EU should stop backing policy that confines people to Aegean islands

A boy holds a bicycle at a camp next to the Moria refugee camp in the island of Lesbos on August 5, 2018. © 2018 Aris Messinis/AFP/Getty Images

Boat migration to Greece is no longer in the headlines but the crisis for asylum seekers on the Greek islands continues.

More than 18,000 asylum seekers remain trapped in overcrowded camps on the Aegean islands. The largest, Moria camp on Lesbos, now holds more than 9,000 people, triple its capacity. Children don’t have access to schools and vulnerable asylum seekers, including pregnant women and people with disabilities, cannot access critical services.

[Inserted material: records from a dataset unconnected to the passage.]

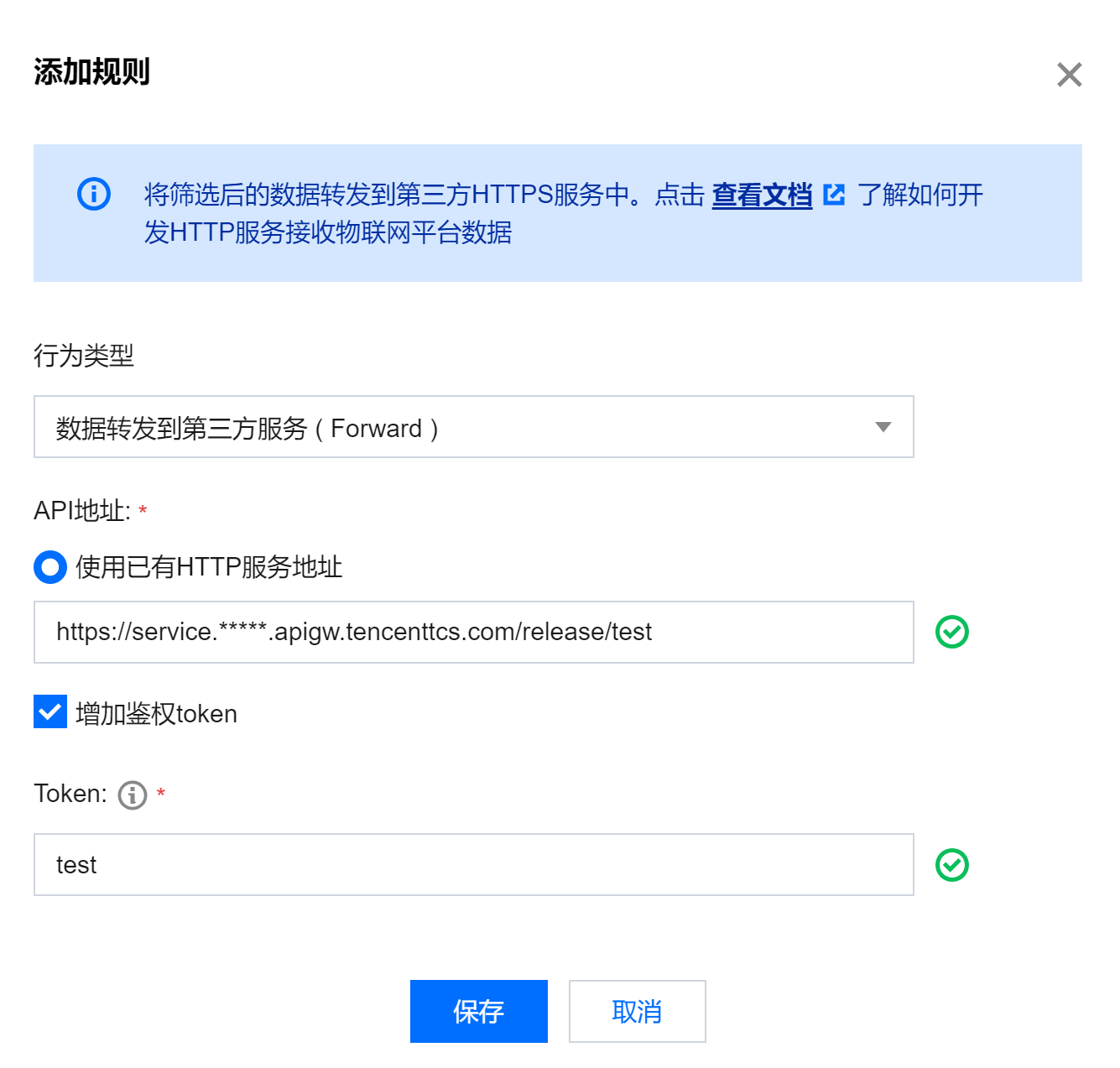 2. 下图行为类型选择“数据转发到第三方服务(Forward)”、选择 API 地址类型选择“使用已有 HTTP 服务地址”。HTTP 地址则为 此步骤 中复制 SCF 自动生成的 URL 地址,并在最后加上
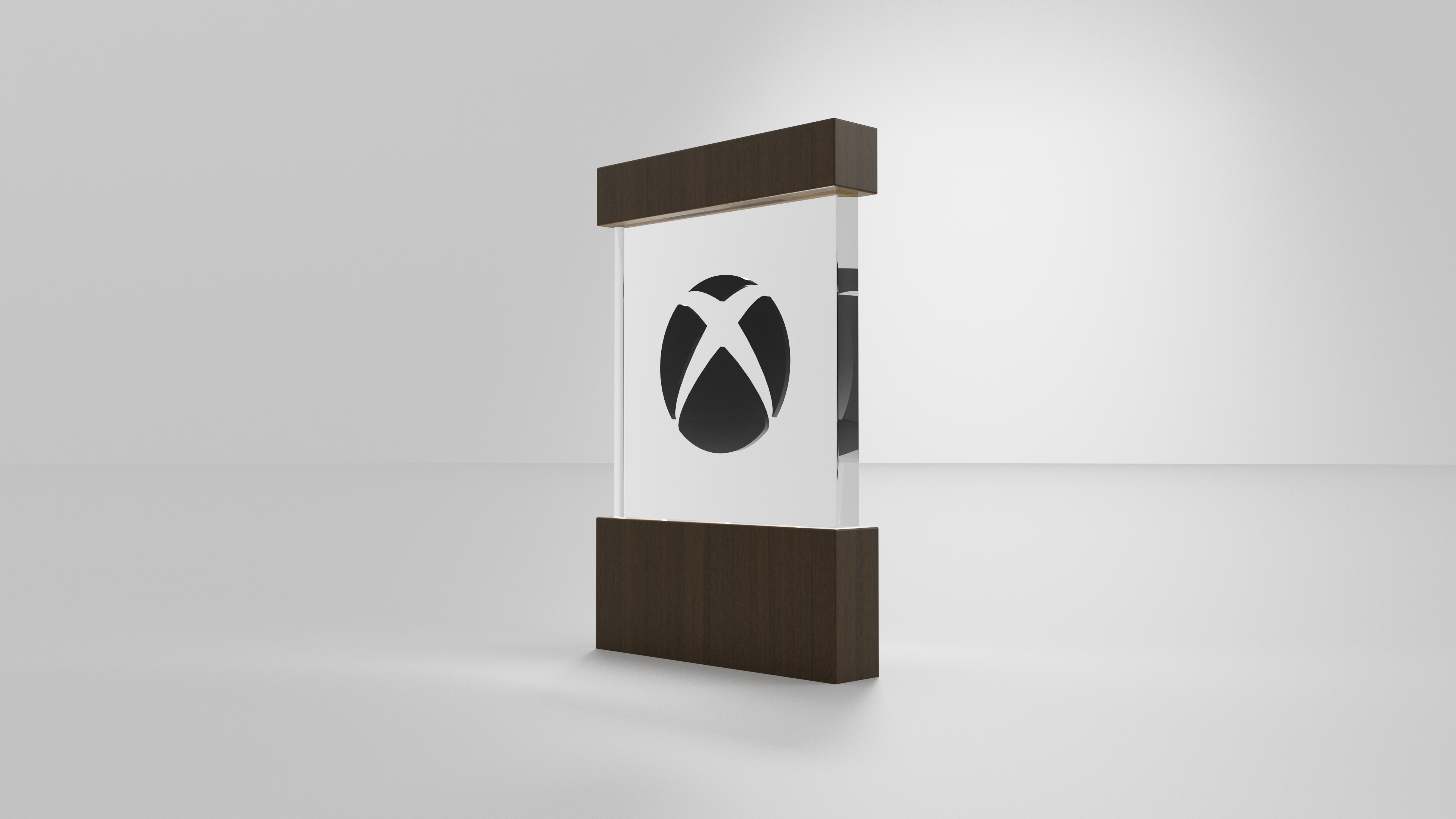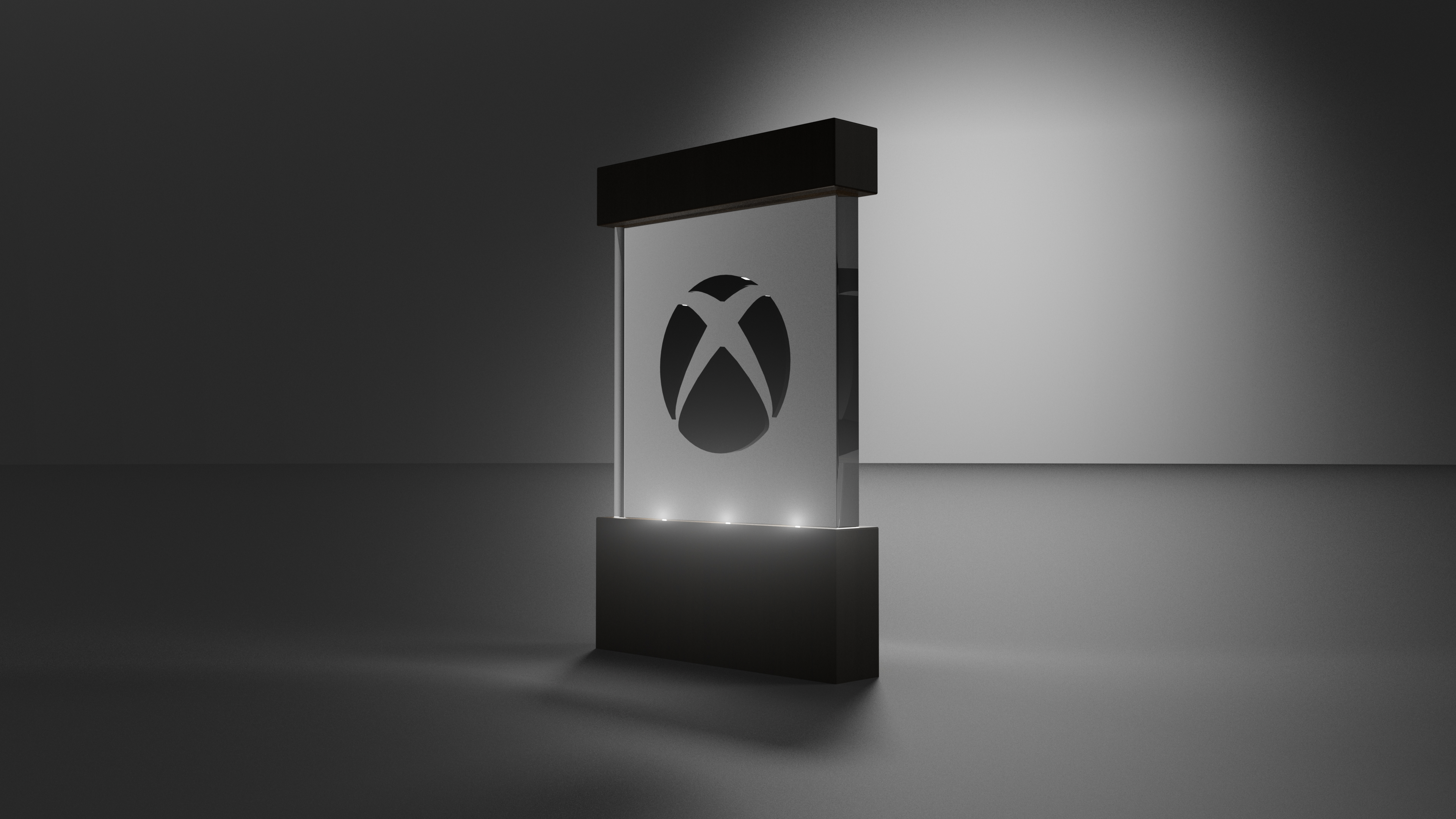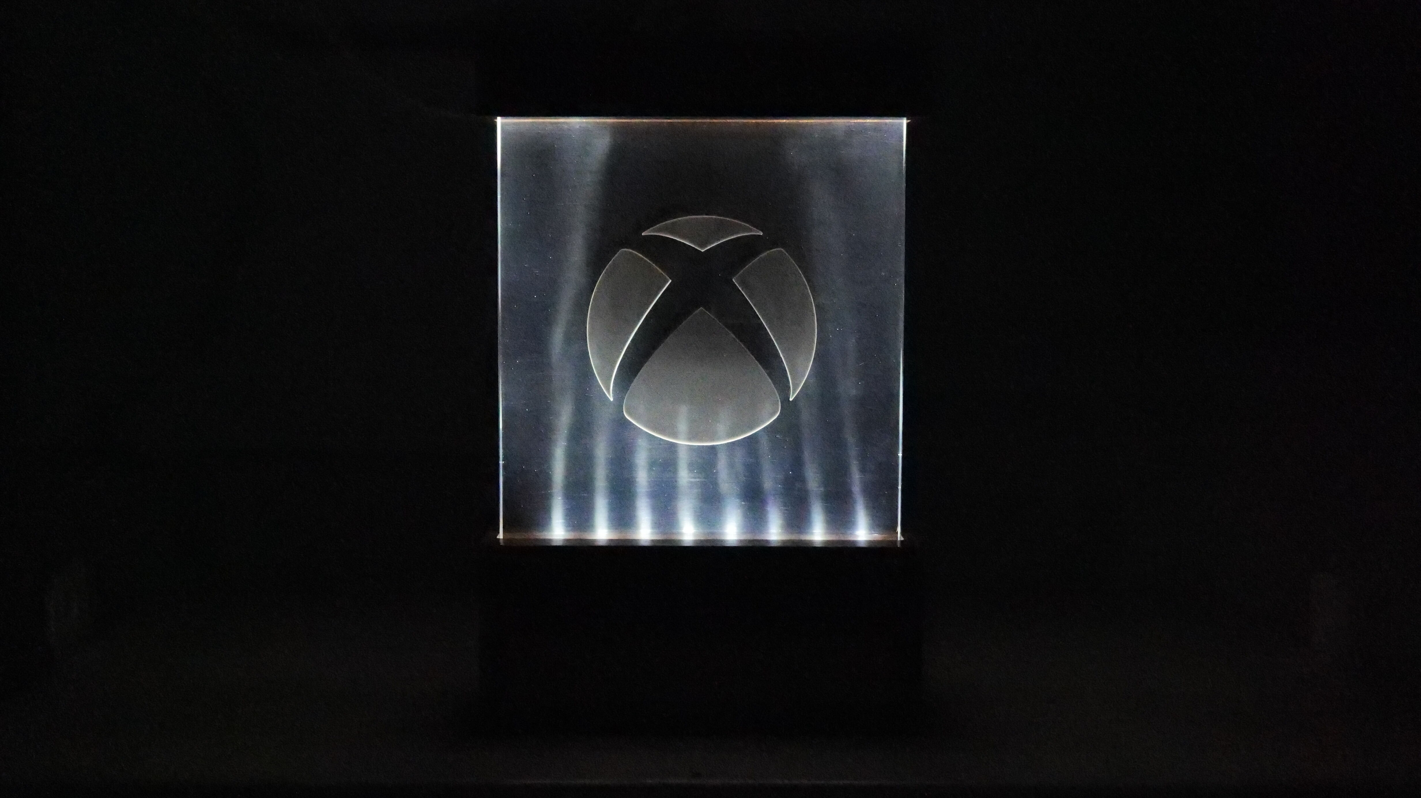 Presenting a one-of-a-kind trophy made of wood and glass, designed in collaboration with Microsoft to celebrate the Xbox Game Pass. This sleek trophy, crafted from high-quality glass, features embedded LED lights that highlight the Xbox logo. The logo is engraved inside the glass, creating a stunning 3D effect.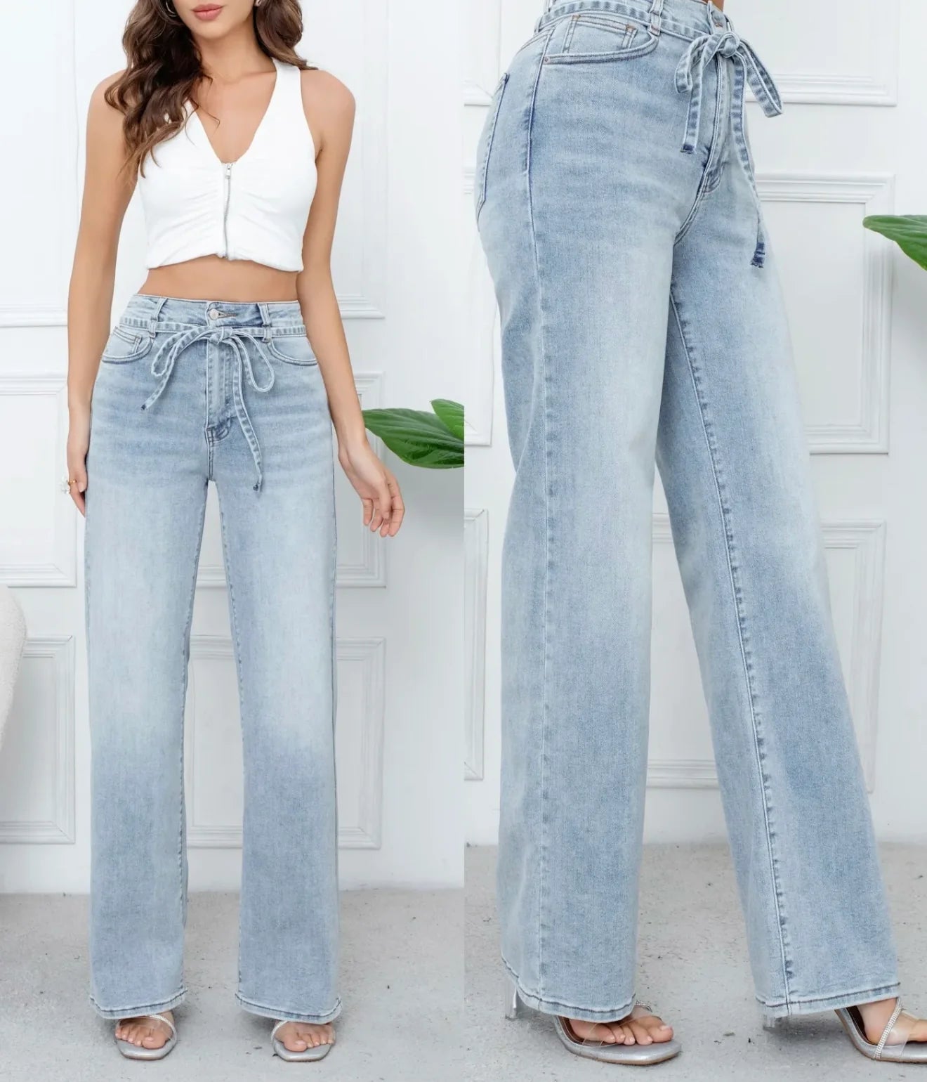 Light Blue Straight Leg Jeans Zoey met vetresluiting details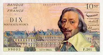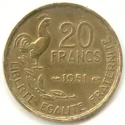 После войны дизайн монет образца 1934—1940 годов не изменился, в обращении были монеты с номиналом 50 сантимов, 1, 2 и 5 франков, выпускаемые из более дешёвого алюминия. В результате продолжавшейся инфляции в 1950 году были введены новые монеты с номиналами: 10, 20, 50 и 100 франков. Банкнота номиналом 50 франков была выведена из обращения. Впервые введена в обращение банкнота номиналом 10 000 франков.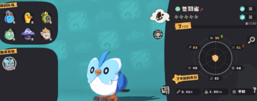 冬羽雀体型轻盈、机动性强,初始阶段即展现出优秀的飞行速度与闪避能力。经进化后可成长为青岚,整体属性与实用性显著提升,尤其适合资源有限的新手玩家。该精灵常出没于雪山区域及冰系主题场景,其中雪人谷为其高频刷新点。建议优先捕捉25级以上的个体,便于后续技能学习与资质培养,避免重复捕捉造成资源浪费。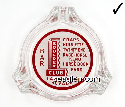 BOU-A1 Boulder Club Las Vegas, NV 3 1/2" Clear Glass Ashtray Red on white imprint: Bar, Craps - Roulette - Twenty One - Race Horse Keno - Horse Book - Faro, Las Vegas Nevada |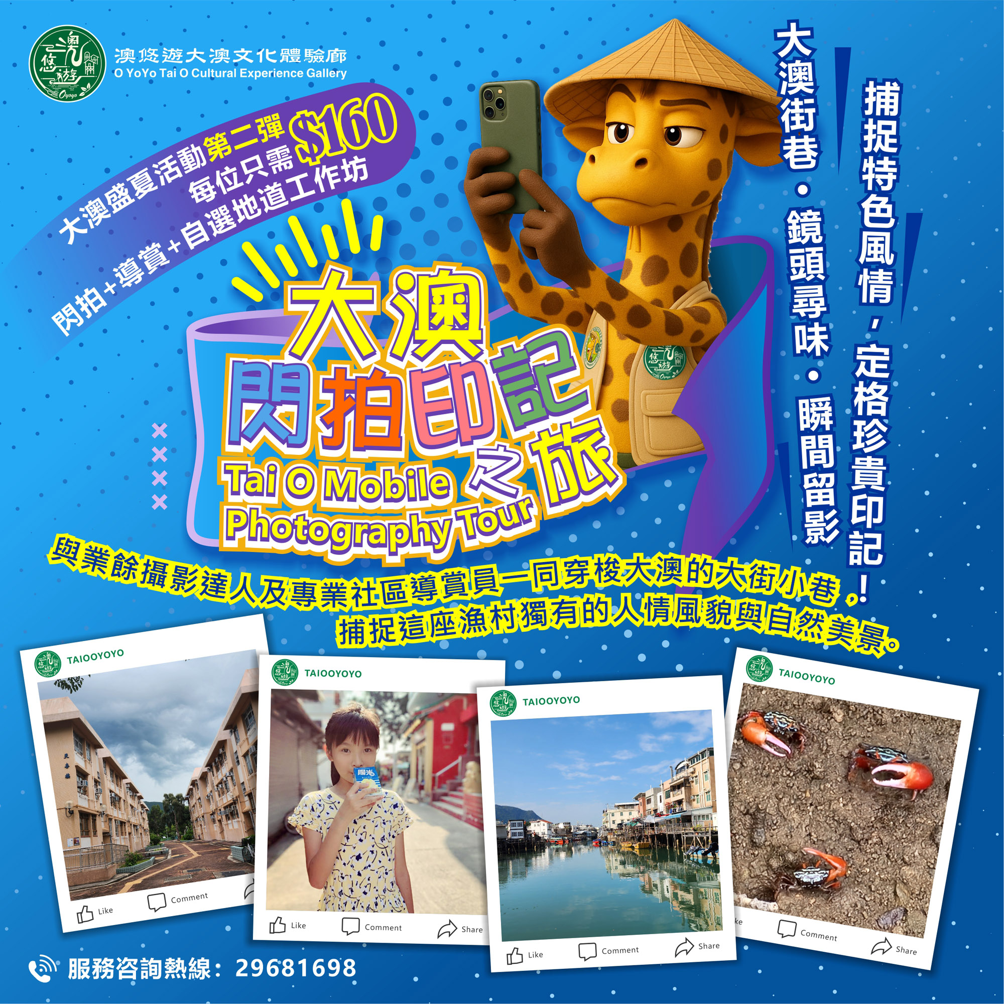 與業餘攝影達人及專業社區導賞員一同穿梭大澳的大街小巷,深入了解每個推薦閃拍景點背後的歷史文化故事,捕捉漁村獨有的人情風貌與自然美景。無論你是攝影新手或愛好者,在專業團隊帶領下,走進大澳的日常生活與歷史韻味,透過手機鏡頭留下難忘影像,記錄當下感動與故事。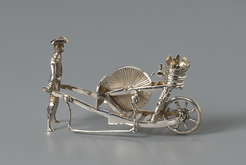 Scharensliep achter kruiwagen, waarop een grote steen met trapbediening, boven de steen op een plankje een vaatje met een kraantje.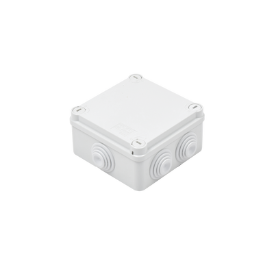 Caja de derivación de PVC Auto-extinguible con 6 entradas, tapa y tornillo de media vuelta de 1/4″, 100x100x50 MM (Medidas internas, mayor área permisible para el cable, Para exterior (IP55)
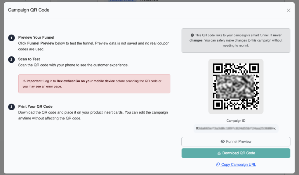 You can downloand the QR Code by clicking on the Download button at the bottom of the Edit Campaign page. Print the QR code on your product insert cards or product packaging. You can even email the QR code or campaign URL directly to your customers.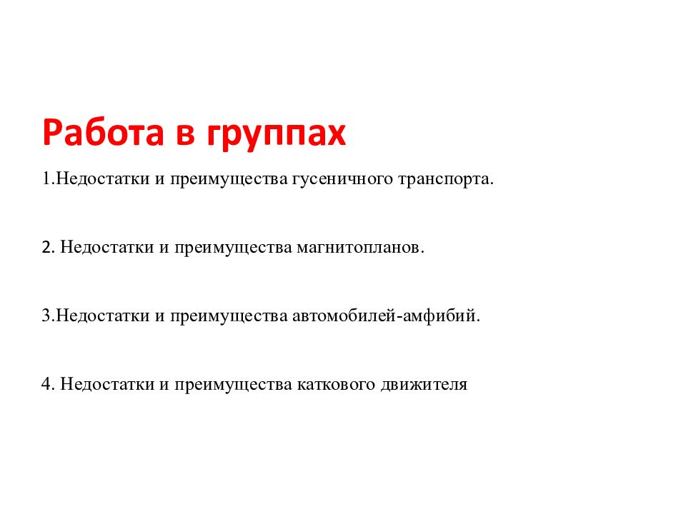Слайд 27: Работа в группах 1.Недостатки и преимущества гусеничного транспорта. 2. Недостатки и преимущества магнитопланов. 3.Недостатки и преимущества автомобилей-амфибий. 4. Недостатки и преимущества каткового движителя

Doctors Without Borders has tried to draw attention to the health crisis stemming from unsanitary, crowded conditions. Children are particularly affected, with several treated for self-harm. A recent BBC report revealed 10-year-old children attempting to take their own lives. Violence, including gender-based violence, goes largely unchecked. Last week, a regional health and safety authority inspected Moria and gave authorities one month to address the abysmal conditions.

People are trapped in the camp because of an EU-backed containment policy introduced by the Greek government following the 2016 EU-Turkey deal forcing those who arrive on the islands to remain there while their cases are processed. This can take months or years. The government has transferred around 13,000 from the islands to mainland Greece since November, following concerted pressure from civil society groups but it has refused to halt the policy even after a top Greek court ruled against it.

EU Commissioner for Migration, Dimitris Avramopoulos, has just visited Athens to discuss migration management with Prime Minister Alexis Tsipras. While the relocation of a few thousand more asylum seekers from the islands has been announced, the containment policy remains.

The containment policy has been an abject failure so the EU should work with Greece to end it and move all asylum seekers to the mainland into adequate accommodations. Greece should also fix the asylum decision making process so that it can determine who is entitled to protection and who can safely be removed.

As EU leaders in Salzburg discuss the creation of “controlled centers” in other EU countries to take charge of people rescued at sea, fears grow that these could replicate the worst abuses seen on the Greek islands. The failure to fix the situation more than two years after the peak in arrivals does not bode well for the future of such plans elsewhere on the continent.